Start of LISTED ENTRIES

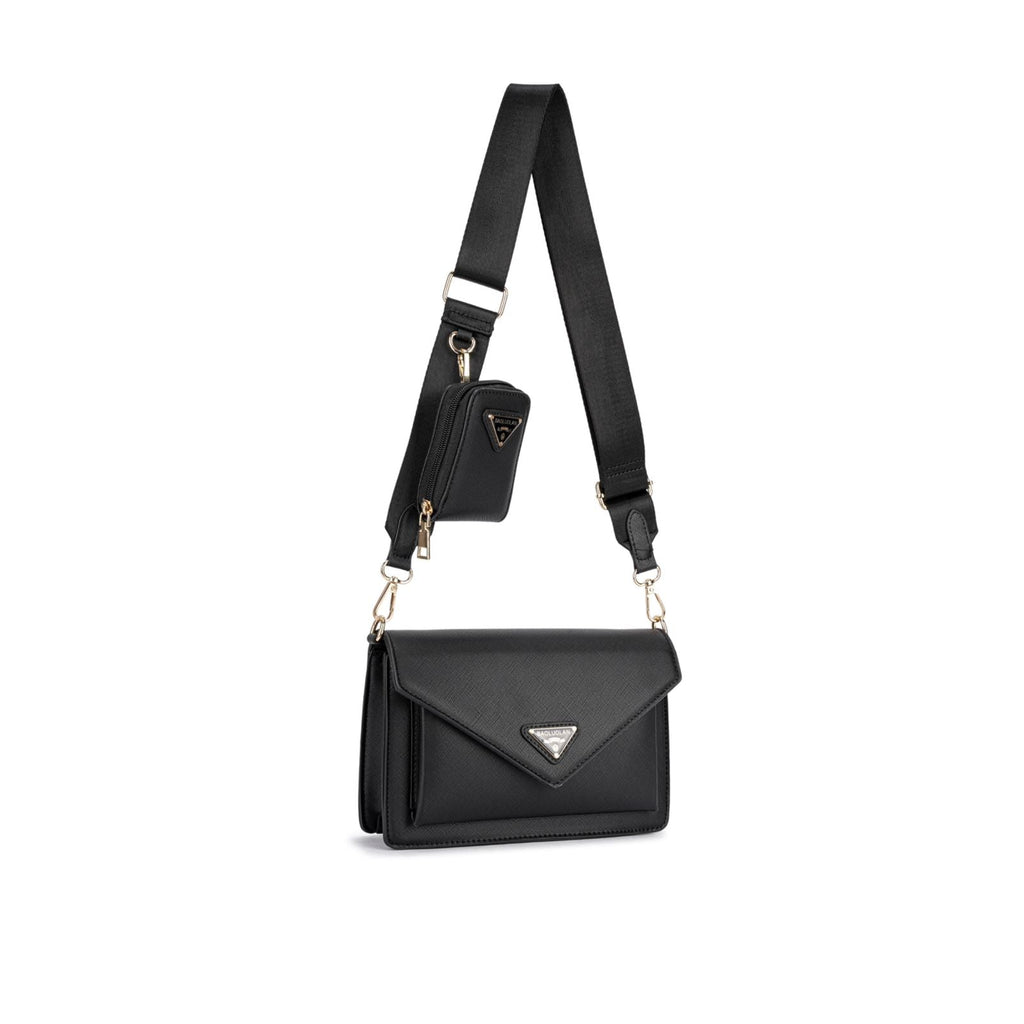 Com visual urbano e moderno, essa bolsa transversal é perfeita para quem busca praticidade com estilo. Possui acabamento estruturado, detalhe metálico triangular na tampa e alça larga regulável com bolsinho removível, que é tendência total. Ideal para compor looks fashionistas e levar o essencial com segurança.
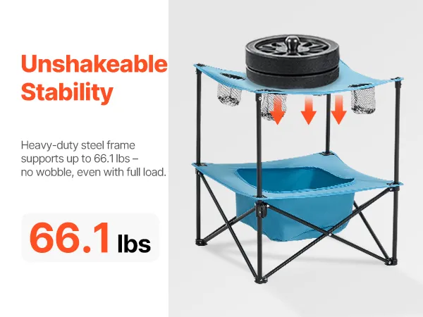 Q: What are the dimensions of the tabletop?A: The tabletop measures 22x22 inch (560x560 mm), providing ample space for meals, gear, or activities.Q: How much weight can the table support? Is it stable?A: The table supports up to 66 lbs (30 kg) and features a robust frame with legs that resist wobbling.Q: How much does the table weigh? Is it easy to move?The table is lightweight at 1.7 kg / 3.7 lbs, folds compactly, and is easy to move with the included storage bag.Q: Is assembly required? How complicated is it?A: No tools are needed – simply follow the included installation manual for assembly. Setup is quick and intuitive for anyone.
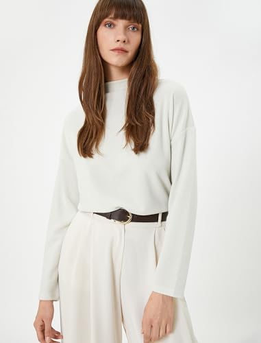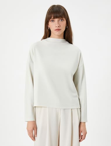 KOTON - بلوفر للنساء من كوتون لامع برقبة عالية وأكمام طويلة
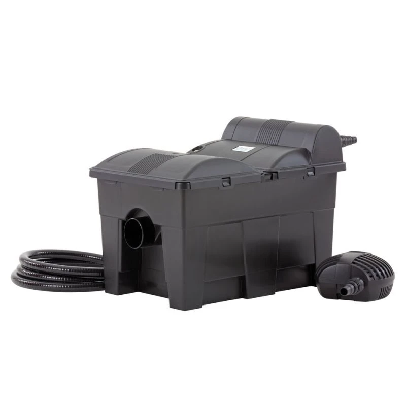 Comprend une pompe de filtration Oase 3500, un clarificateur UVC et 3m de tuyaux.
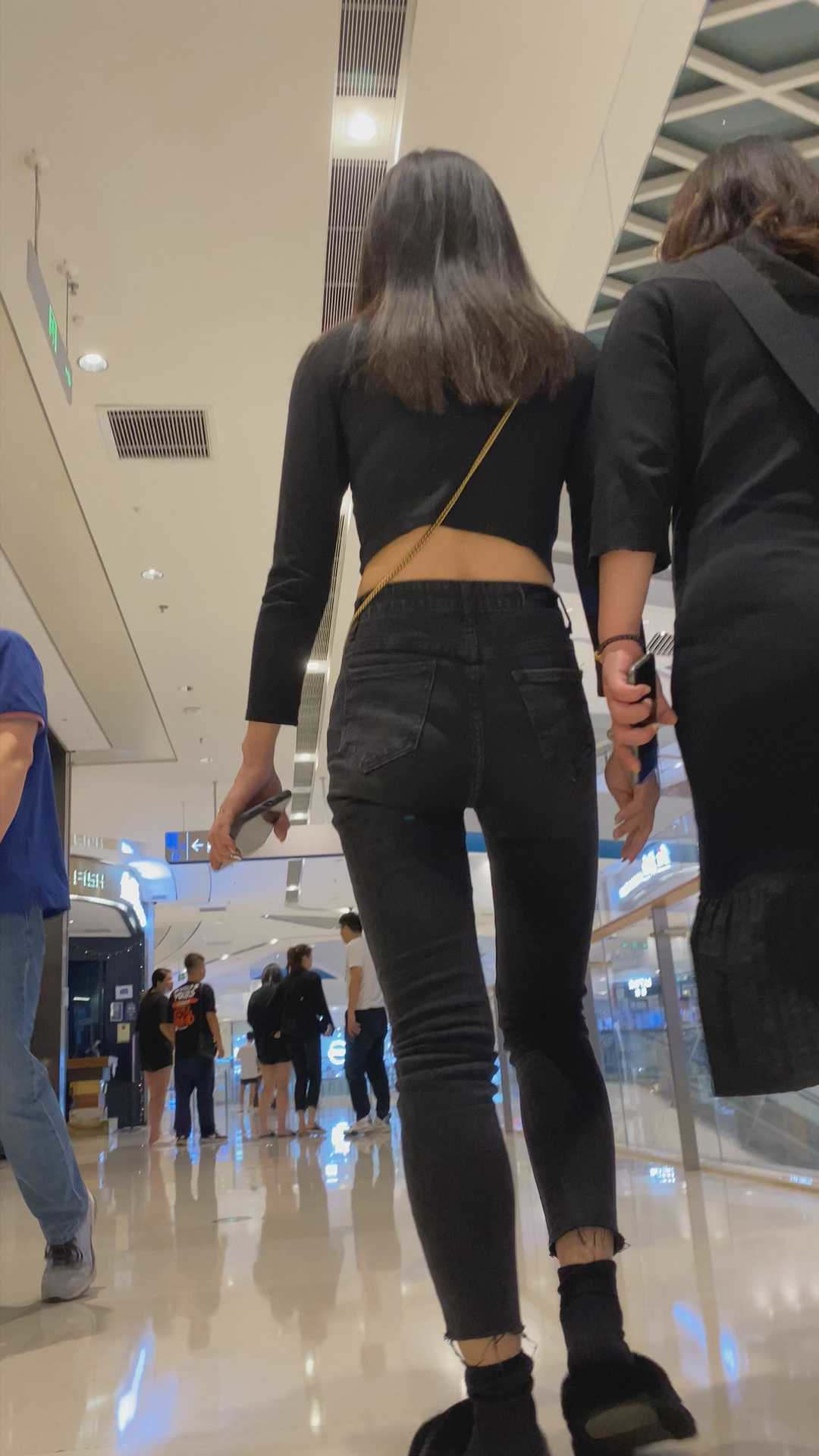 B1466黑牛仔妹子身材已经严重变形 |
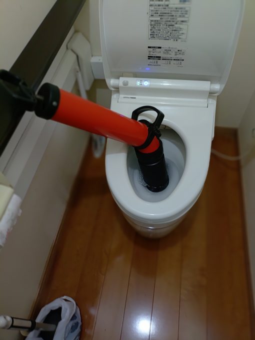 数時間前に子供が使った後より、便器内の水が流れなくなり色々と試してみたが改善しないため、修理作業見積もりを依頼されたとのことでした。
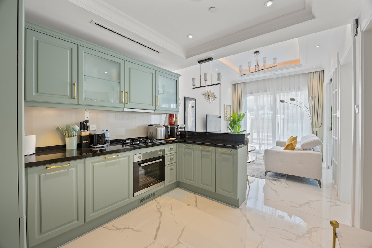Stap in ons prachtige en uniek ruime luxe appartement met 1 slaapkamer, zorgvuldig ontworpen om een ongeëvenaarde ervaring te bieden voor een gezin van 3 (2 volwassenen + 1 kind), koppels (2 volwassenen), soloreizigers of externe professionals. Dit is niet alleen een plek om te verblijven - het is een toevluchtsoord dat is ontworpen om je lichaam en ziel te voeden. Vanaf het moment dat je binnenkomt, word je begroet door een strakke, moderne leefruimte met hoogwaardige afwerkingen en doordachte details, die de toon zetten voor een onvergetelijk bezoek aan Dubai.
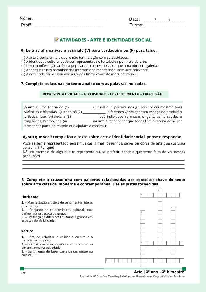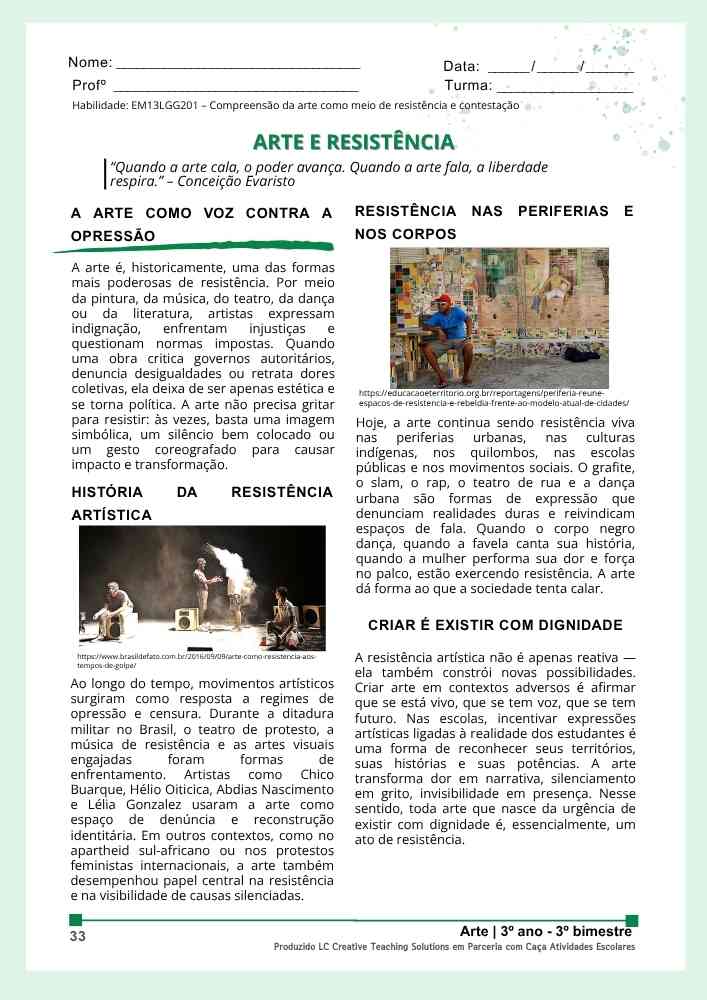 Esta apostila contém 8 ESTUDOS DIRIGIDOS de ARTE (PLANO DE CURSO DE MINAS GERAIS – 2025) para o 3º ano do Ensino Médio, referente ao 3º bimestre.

End of LISTED ENTRIES

- YOUR INSTRUCTIONS -
Your output should be the records above, duplicated exactly and picture-free.

- ANSWER AREA -
 Com visual urbano e moderno, essa bolsa transversal é perfeita para quem busca praticidade com estilo. Possui acabamento estruturado, detalhe metálico triangular na tampa e alça larga regulável com bolsinho removível, que é tendência total. Ideal para compor looks fashionistas e levar o essencial com segurança.
 Q: What are the dimensions of the tabletop?A: The tabletop measures 22x22 inch (560x560 mm), providing ample space for meals, gear, or activities.Q: How much weight can the table support? Is it stable?A: The table supports up to 66 lbs (30 kg) and features a robust frame with legs that resist wobbling.Q: How much does the table weigh? Is it easy to move?The table is lightweight at 1.7 kg / 3.7 lbs, folds compactly, and is easy to move with the included storage bag.Q: Is assembly required? How complicated is it?A: No tools are needed – simply follow the included installation manual for assembly. Setup is quick and intuitive for anyone.
 KOTON - بلوفر للنساء من كوتون لامع برقبة عالية وأكمام طويلة
 Comprend une pompe de filtration Oase 3500, un clarificateur UVC et 3m de tuyaux.
 B1466黑牛仔妹子身材已经严重变形 |
 数時間前に子供が使った後より、便器内の水が流れなくなり色々と試してみたが改善しないため、修理作業見積もりを依頼されたとのことでした。
Stap in ons prachtige en uniek ruime luxe appartement met 1 slaapkamer, zorgvuldig ontworpen om een ongeëvenaarde ervaring te bieden voor een gezin van 3 (2 volwassenen + 1 kind), koppels (2 volwassenen), soloreizigers of externe professionals. Dit is niet alleen een plek om te verblijven - het is een toevluchtsoord dat is ontworpen om je lichaam en ziel te voeden. Vanaf het moment dat je binnenkomt, word je begroet door een strakke, moderne leefruimte met hoogwaardige afwerkingen en doordachte details, die de toon zetten voor een onvergetelijk bezoek aan Dubai.
 Esta apostila contém 8 ESTUDOS DIRIGIDOS de ARTE (PLANO DE CURSO DE MINAS GERAIS – 2025) para o 3º ano do Ensino Médio, referente ao 3º bimestre.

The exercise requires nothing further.